Goal of the exercise:
Nothing but the lines below from the one containing "30円 〔山陽本線〕 昭和50年3月17日 |" through the one containing "Patterned Mid Size Satin Scarf Classic Navy" should appear in the answer, exact and without pictures.

Data records:
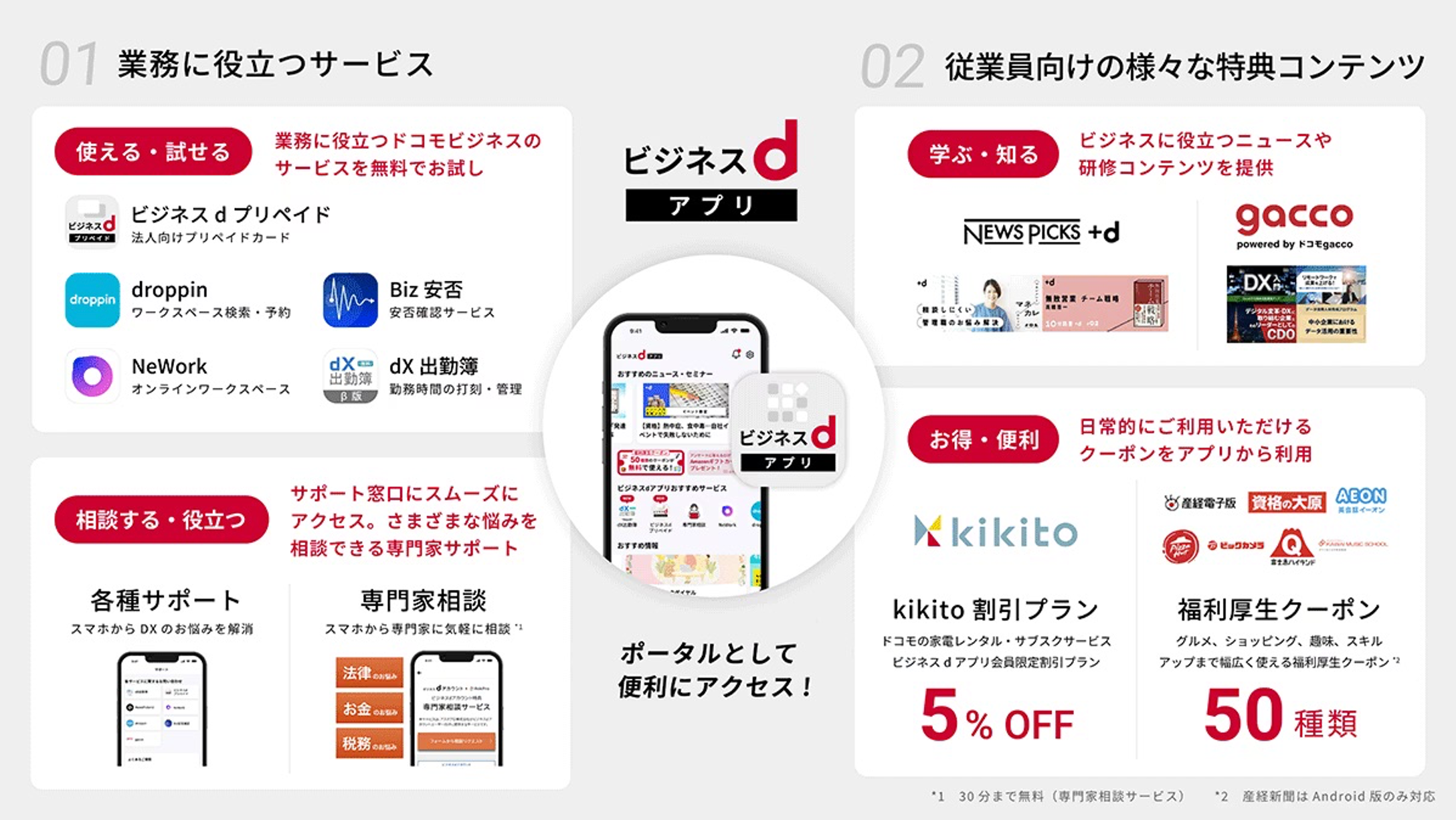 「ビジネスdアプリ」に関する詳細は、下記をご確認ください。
---
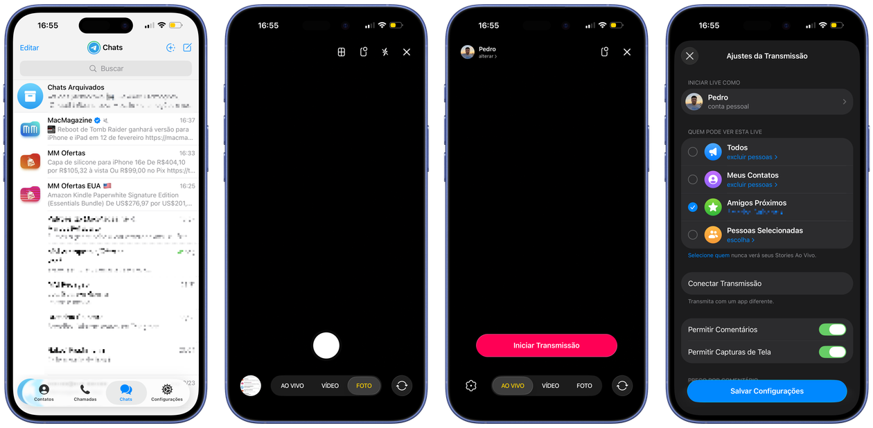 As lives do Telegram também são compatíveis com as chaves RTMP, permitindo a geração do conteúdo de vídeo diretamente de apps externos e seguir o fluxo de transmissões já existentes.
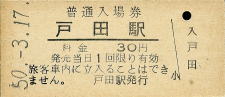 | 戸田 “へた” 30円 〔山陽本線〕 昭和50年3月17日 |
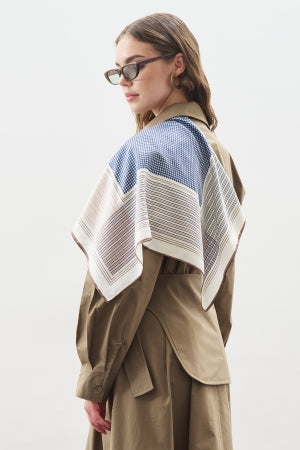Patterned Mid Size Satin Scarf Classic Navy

Solution to this task:
 | 戸田 “へた” 30円 〔山陽本線〕 昭和50年3月17日 |
Patterned Mid Size Satin Scarf Classic Navy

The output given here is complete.